OF SCIENCES OF UKRAINE

My tongue is happy speaking Italian. Interview with Professor Virginia Jewiss

Virginia Jewiss received her PhD in Italian literature from Yale University and taught at Dartmouth College and Trinity College’s Rome campus before returning to Yale, where she is currently Lecturer in the Humanities and Director of the Yale Humanities program in Rome. She has translated the work of numerous Italian authors and film directors, including Roberto Saviano’s Gomorrah, Melania Mazzucco’s Vita, and screenplays for Paolo Sorrentino and Gabriele Salvatores.

-   Professor Virginia, could you please share the story of your journey to become a professional literary translator and your current range of interests?

- I was born in the United States; I grew up in a small town in Connecticut, two hours from New York. I went to university and lived in different places the way Americans tend to do. I became interested in the Italian language on my very first day at the university. I have to say that I had no particular intention of studying Italian; it wasn't on my list of things [to do] at all. I needed to find a job at the university to help my family pay for my studies and because I spoke French, I went to the Romance languages department, where I was hoping I would find a job. Instead, I met a young and absolutely vivacious Italian professor who invited me to her office. She suggested that I could work for her even though the qualifications for the job required more than I knew at that time (for example, typing: this was before the invention of personal computers); certainly I did not speak Italian either. But there was an extraordinary feeling of sympathy between the two of us and the professor hired me anyway. I started helping make the arrangements for the summer program in Florence run by the University of Pennsylvania. My visit to Florence became my first love of the Italian language. As soon as I arrived in Italy, I felt as if I were home, as if I had been there before, as if I must have been an Italian in a previous life. With the encouragement of this professor, I decided to major in Italian, and then eventually, I did a Ph.D. in Italian literature on Dante. 

My academic training is in medieval Italian literature. I wrote a Ph.D. dissertation on the theology of angels and Dante in the Middle Ages. I ended up becoming a translator because of those angels who move quite seamlessly between two different spheres — heaven and earth — and bring with them the sublime and often mysterious communicable messages of God to human beings. Not that I claim angelic status but there's something about moving between these two different realms and making the non-communicable communicable. I think that appealed to me from a theological perspective and also from a practical perspective. My decision to become a professional translator is that Italian chose me and not vice versa. The profession of translation came to me, as it wasn't something that I sought out. The same professor who hired me on my first day of university was someone I went on to work with throughout my graduate career.
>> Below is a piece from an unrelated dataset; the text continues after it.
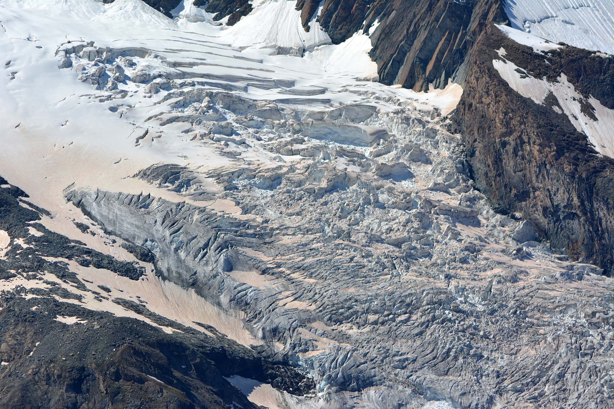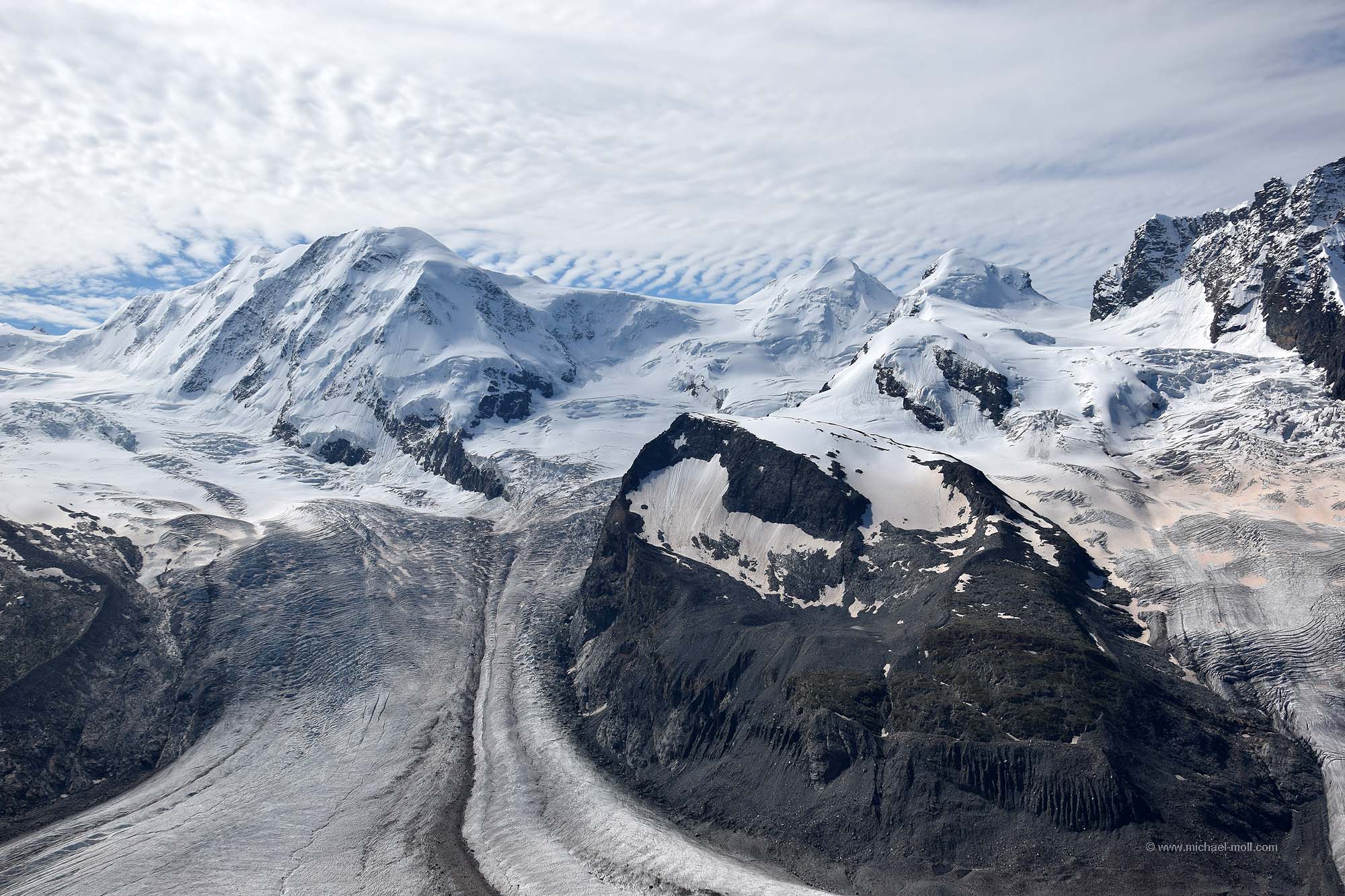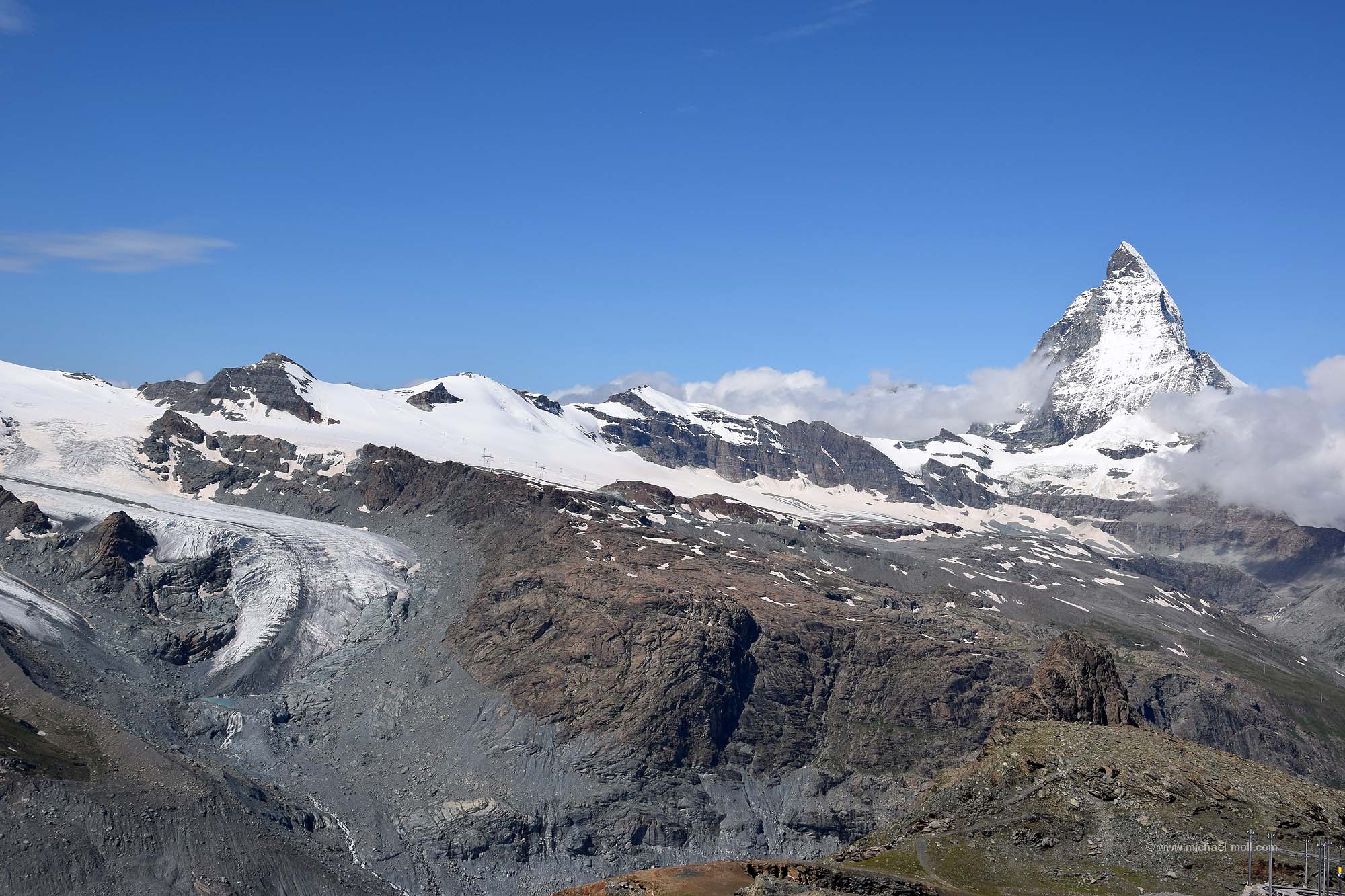 Unterhalb des Gornergrats bzw. südlich davon erstreckt sich der Gornergletscher mit einer Gesamtlänge von fast 13 Kilometern und trennt den Grat von dem dahinter liegenden Monte-Rosa-Massiv.

In fact, after graduate school, when I had already moved to Rome, where I was teaching (where I am right now), she called and asked if I could help with a project that was proving to be quite difficult just in terms of getting everyone on the same page. Yale University (where I got my degree and where she was teaching) had agreed to sponsor a literary festival of the Italian language, contemporary Italian authors who had won The Strega Prize - the most important literary prize in Italy. There were lots of communication issues. Today it would have been much easier with the internet, but at the time, negotiating between a university in the United States and the literary foundation in Italy was not easy. So she asked if I could act as a liaison for these two organizations, and I did. And at a certain point, it occurred to us that none of the works of authors who would be coming to the United States had actually been translated into English. 

To make a long story short, I ended up translating selections of their works so that they could present their works in the US. One of the authors was Melania Mazzucco; her agent took the translation that I had produced of one chapter and went to the Frankfurt book fair with that sample in English and shopped it around. And sure enough, it [happened] that the world rights in English that Jonathan Galassi bought for Farrar, Straus and Giroux (FSG) in New York, who then contacted me asking if I would be willing to translate the entire book. I became a translator through these series of interesting connections, none of which were things that I had planned strategically in any way. 

I do feel very grateful and fortunate. I think contacts with the right people opened different kinds of possibilities for me. When I first started to translate "Vita", (title of the novel, young girl's name but "vita" also means "life" in Italian), I found that I just loved doing the work and that it would be dinner time before I knew it. I had never sat still for so long in my life and I realized that I was finding a deep gratification in the work of translating—something that I had not considered before. I was eager to start working on new projects, and there it was. I received other offers, such as translating the second book of Melania Mazzucco and books by Roberto Saviano, and others. Once I had established myself as a literary translator, I began to work in the film production world, but that is a whole different chapter. This is a short story of how I ended up being a literary translator of the Italian language. 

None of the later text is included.